Jensen Hagen, capelli biondi, occhi azzurri e un fisico da dio, si fermò al bancone e mi sorrise. Indossava una maglietta bianca che gli fasciava alla perfezione ogni singolo muscolo degli addominali e lasciava intravedere un assaggio dell'inchiostro che portava appena sotto l'orlo della manica. Sapevo a memoria che il tatuaggio continuava sul petto ed era un bellissimo disegno vichingo. Era anche il futuro Beta del branco della Luna Scura. Di solito stavo alla larga dai lupi di branco. Ma circa sei mesi prima, il sorriso affascinante di Jensen aveva funzionato un po' troppo bene su di me e da allora eravamo diventati amici di letto, con alti e bassi. Era divertente, sapeva che non cercavo niente di serio e non mi metteva pressione. Ci grattavamo una voglia a vicenda, e la cosa andava benissimo così. Tranne quando a delle lupe stronze come quella che mi stava fissando in quel momento non piaceva l'idea che il futuro Beta si rotolasse a letto con una sporca reietta.

«Ehi, Kae» disse, e io gli sorrisi.

«Il solito, Jensen?» chiesi, e lui annuì.

«E anche per me, tesoro» mi fece un gran sorriso Zack, amico di Jensen e futuro Gamma. Sorrisi a mia volta, tirai fuori un paio di birre dal frigo e le passai sul registratore di cassa. Zack diede un'occhiata alla stronza, che praticamente schiumava di rabbia, e sospirò.

«Meglio prenderne una anche per la regina del dramma» disse facendomi l'occhiolino. «Assicurati solo di dare una bella leccata al bicchiere prima.» Sentii un ringhio provenire dalla sua direzione.

«Adelaide, piantala» sbottò Jensen, lasciando trasparire il suo rango dal tono di voce, e lei si rannicchiò all'istante.
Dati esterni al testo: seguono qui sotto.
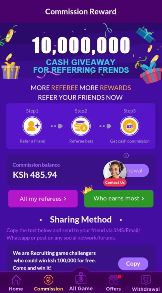 This program requires you invite as many as possible active client and for every play they make you earns yourself a withdrawable commission.
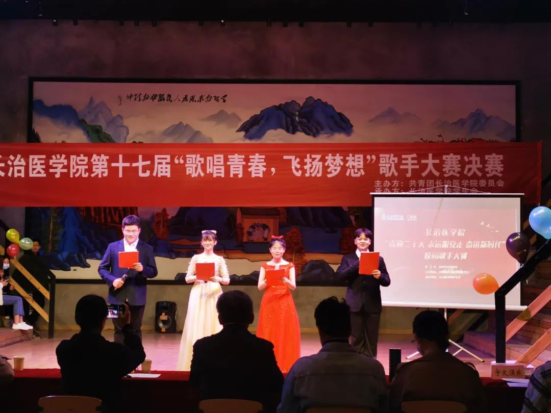 在中国共产主义青年团成立100周年之际,弘扬“五四”精神,让广大青年以更加朝气蓬勃的精神状态投身社会主义事业伟大实践,用优异成绩喜迎二十大胜利召开。4月30号晚上6点由校团委主办、校学生会承办“歌唱青春·飞扬梦想”校园歌手大赛决赛在音疗基地举行。党委组织部副部长赵刚,校团委副书记连静,护理学系团委书记谢冰,基础医学部团委副书记李秀萍,人文艺术系教师路瑶、武艺蕾,第十六届校园歌手大赛一等奖获奖者宇文潇东担任大赛评委。
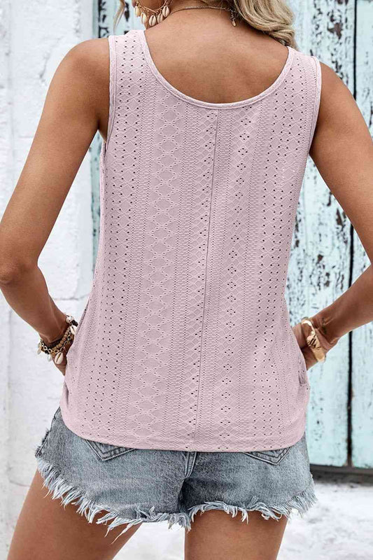 Regular price $30.93 USDRegular priceUnit price / perSale price $30.93 USDDecorative Button Hem Detail Eyelet Tank
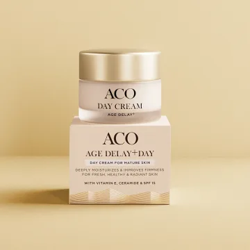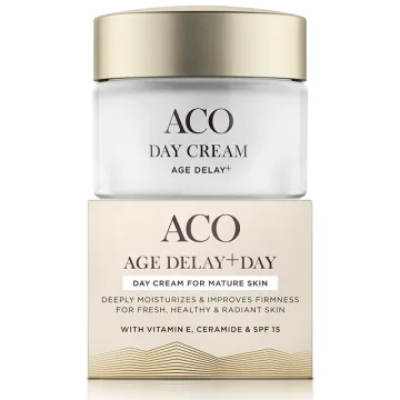 ACO Age Delay+ Day Cream SPF15 är en djupt återfuktande ansiktskräm med anti-age egenskaper. Dagkrämen är speciellt utvecklad för kvinnor efter klimakteriet. Den innehåller vårdande sheasmör och spänstgivande ceramid. Krämen innehåller även E-vitamin som skyddar huden mot fria radikaler, hyaluronsyra som återfuktar på djupet samt niacinamid som hjälper till att jämna ut hudtonen. Ansiktskrämen har SPF15 som skyddar mot UVA och UVB-strålning. Milt parfymerad. 50ml.
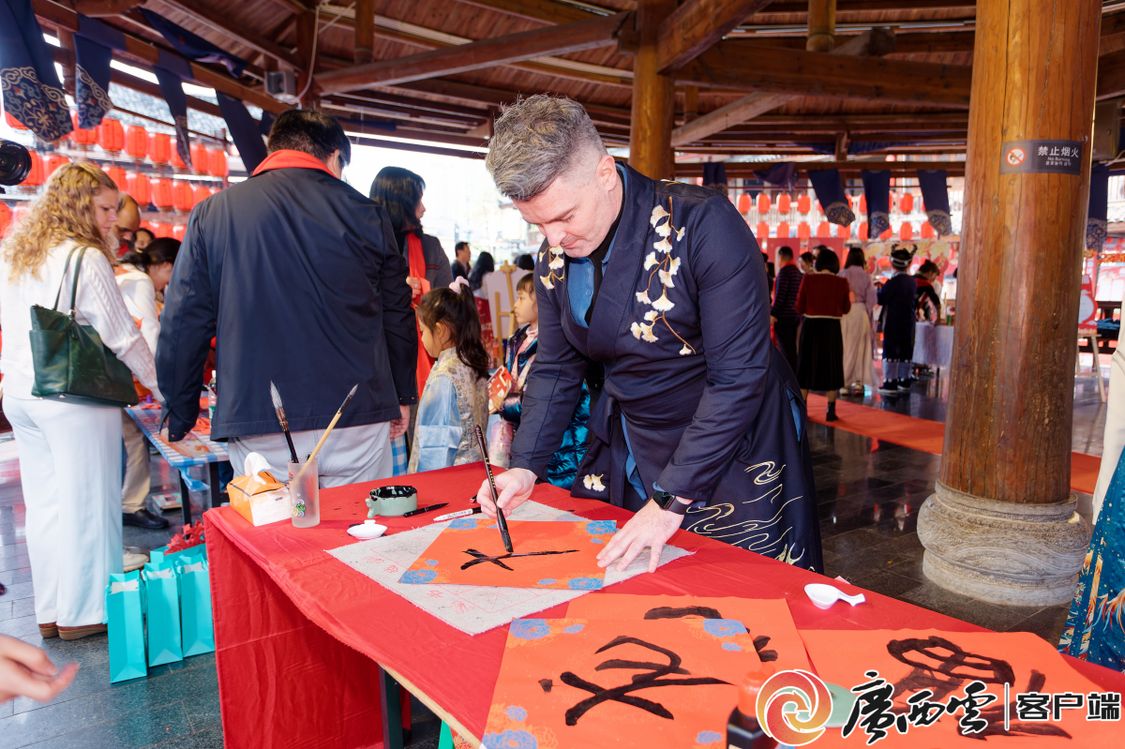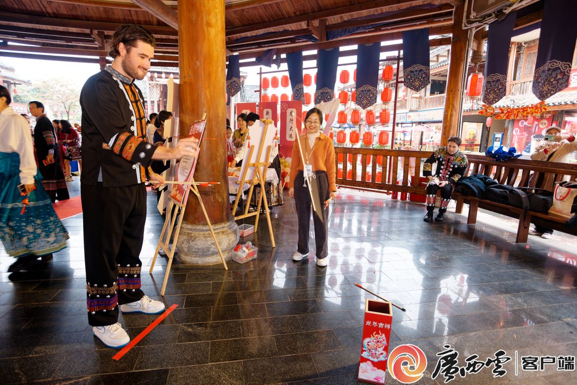 活动现场,外国专家参与传统民俗游戏,沉浸式体验中华传统文化的独特魅力。游园会上,投壶、抛圈、写福字、剪窗花等各式各样原汁原味的传统游戏让外国专家在这场古风游园会“穿越”,活动内容乐趣横生、精彩纷呈,新春氛围活泼生动、热闹非凡。在广西水牛研究所工作的意大利籍研究员阿尔弗雷多表示对民族服饰非常感兴趣,全程穿着炫丽的特色服饰参与了游园活动。来自泰国的文婷是米乐电竞|最新APP下载|登录入口,中国—东盟研究院泰国研究所副所长。她说:“虽然春节不是我们国家的传统节日,但在中国,浓厚的节日气氛,也让我很想念家乡。”来自英国的亚历克斯参与了‘投财纳福’和‘画龙点睛’等项目后表示,这些传统民俗活动非常有趣,让我更加了解中国新春佳节的习俗和文化。外国专家们对主办单位的精心筹备和新春祝福表示感谢,浓厚的节日氛围让人流连忘返,希望以后能够经常来参加相关的活动。
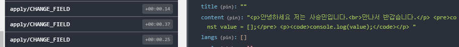 import React, { useState, useEffect, useRef } from 'react'; // 생략.. const TestEditorForm = () => { // 생략.. const rendered = useRef(false); useEffect(() => { if (rendered.current) return; rendered.current = true; const blocksFromHtml = htmlToDraft(htmlToEditor); if (blocksFromHtml) { const { contentBlocks, entityMap } = blocksFromHtml; const contentState = ContentState.createFromBlockArray(contentBlocks, entityMap); const editorState = EditorState.createWithContent(contentState); setEditorState(editorState); } },[htmlToEditor]); return ( // 생략.. ); }; export default TestEditorForm;🌈 Redux를 사용하여 상태 관리하기
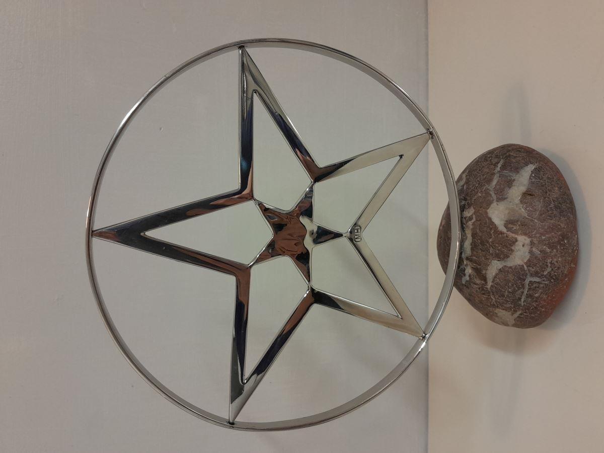 Exquisite fabricated polished stainless steel star mounted upon a Tasmanian River pebble
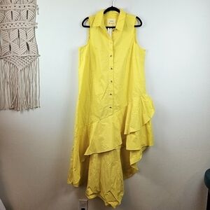 Anthropologie Maeve Sleeveless Buttondown Asymmetrical Ruffle-Hem Dress XL NWT
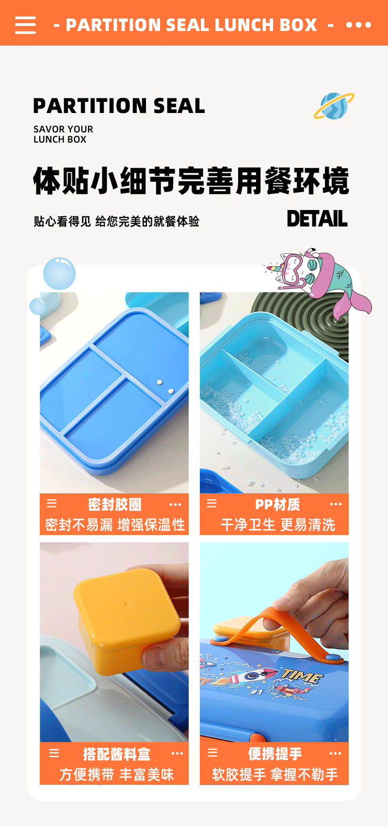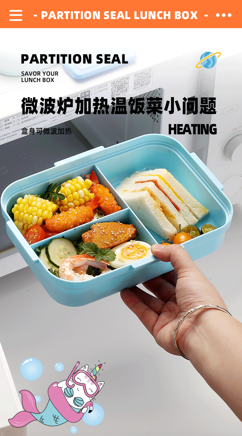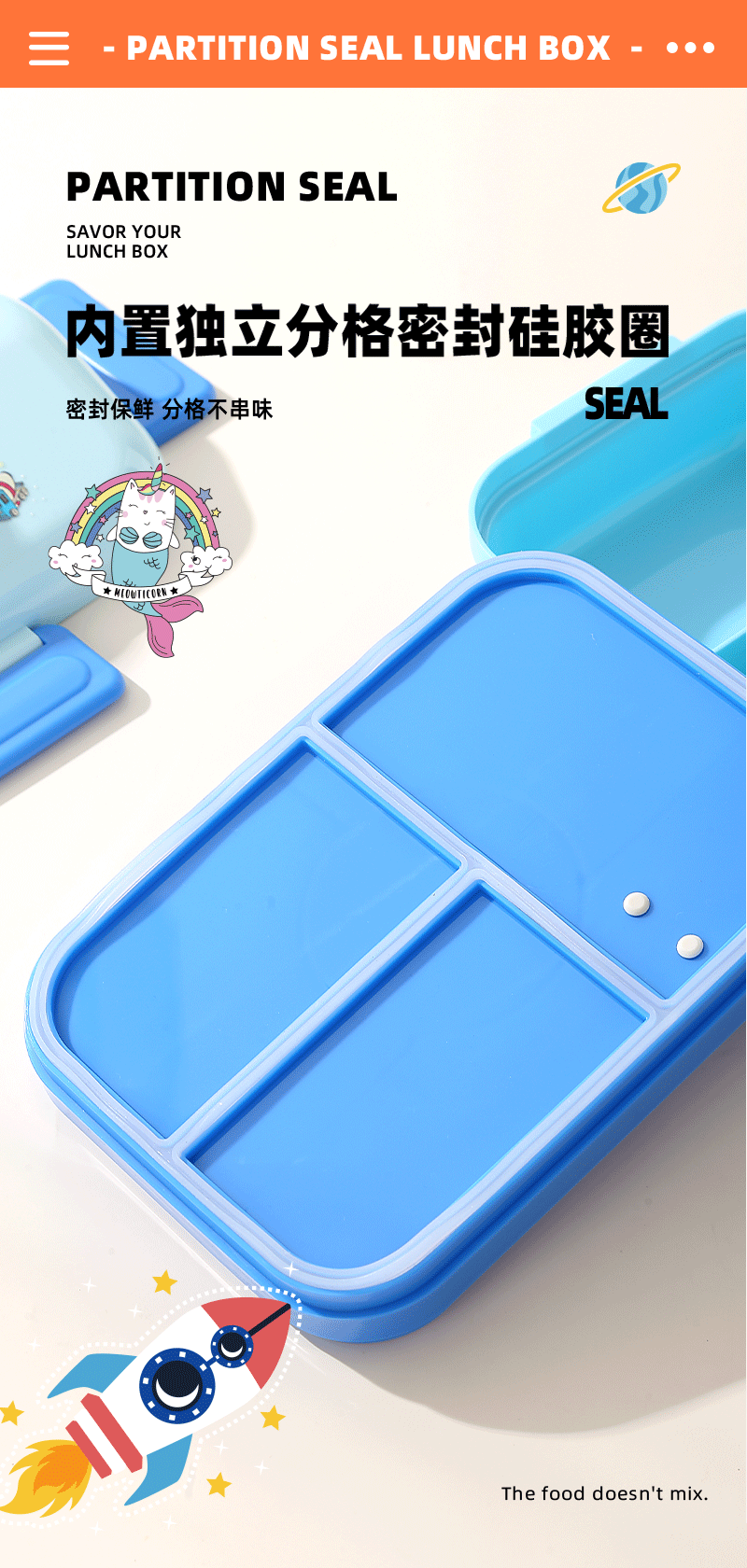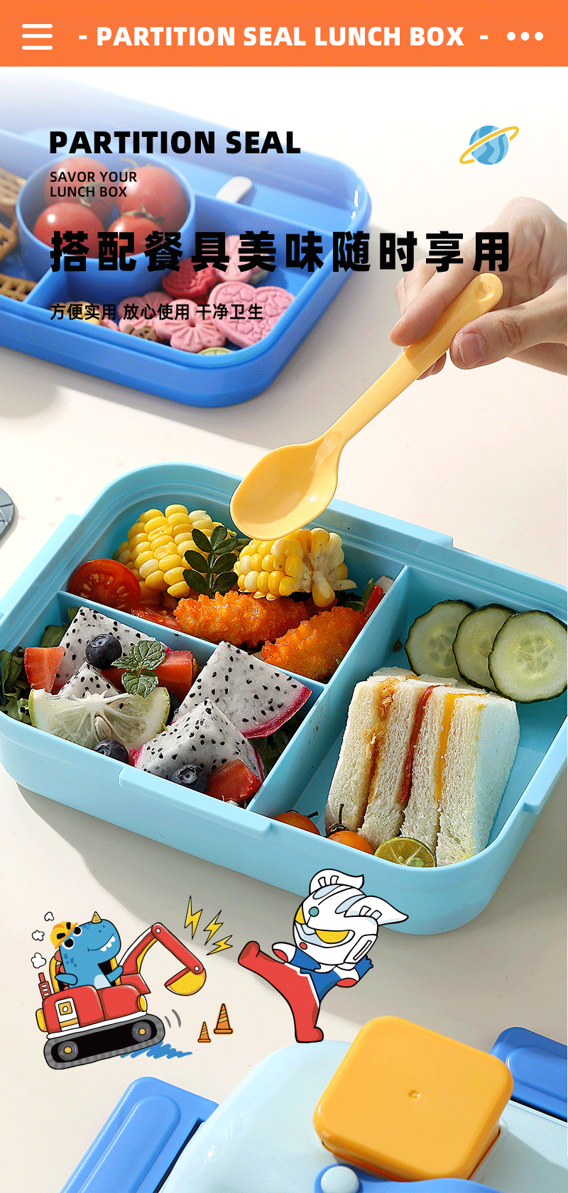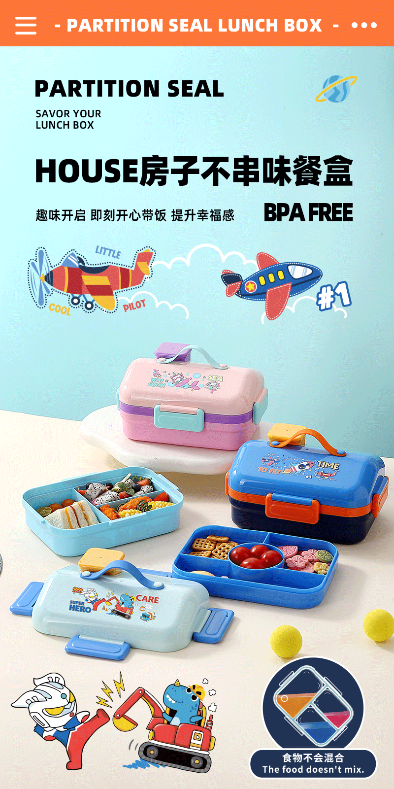 2691-FOOD NOT MIX HOUSE lunch box (3 GRID 1270ml+bowl 70ml+PP SPOON)

Lo fulminò con lo sguardo per un attimo, poi si girò sui tacchi con fare teatrale e si allontanò a grandi passi.

«Grazie, tesoro» disse Zack, prendendo la birra e dirigendosi verso i tavoli. Jensen rimase dov'era, a fissarmi.

«Che c'è?» sbottai infine dopo un minuto, e lui sfoderò quel suo sorriso dal fascino fanciullesco. Maledizione, sapevo cosa stava per arrivare.

«Domani sarò in città» disse, e io inarcai un sopracciglio. «Ho una riunione di lavoro.»

«Oh, quindi esci anche se domani si lavora?» chiesi con finta dolcezza. Stavo cercando di evitare dove volesse andare a parare.

«Passerò la notte all'appartamento» disse, e io sospirai. L'appartamento era di proprietà del branco della Luna Scura e veniva usato dai ranghi più alti nel caso avessero bisogno di un letto in città. O se dovevano ospitare un invitato potenzialmente pericoloso.

«Domani è la tua serata libera, giusto?» chiese Jensen, e io sospirai di nuovo.

«Jen» dissi, «forse dovremmo prenderci una pausa.» Mi tornò in mente il fatto che, una volta che Ezra fosse rientrato dal suo viaggio, avremmo potuto andarcene da lì e io non avrei più rivisto quegli splendidi occhi azzurri.

«Ti prego, voglio davvero vederti» supplicò, e io feci una smorfia. Cercai di pensare a una scusa, ma sapevo già che non ne avrei trovata nessuna.

«E va bene» dissi. «Passo da te, okay?» Il sorriso che mi rivolse fu così luminoso da far sorridere anche me.

«Fantastico» disse, felice. «Volevo anche parlarti di una cosa, ma possiamo farlo domani.» Sorrisi di rimando, anche se cominciavo a sentirmi nervosa. Quella storia non mi piaceva. Qualunque cosa volesse dirmi, avevo la sensazione che non mi sarebbe piaciuta affatto.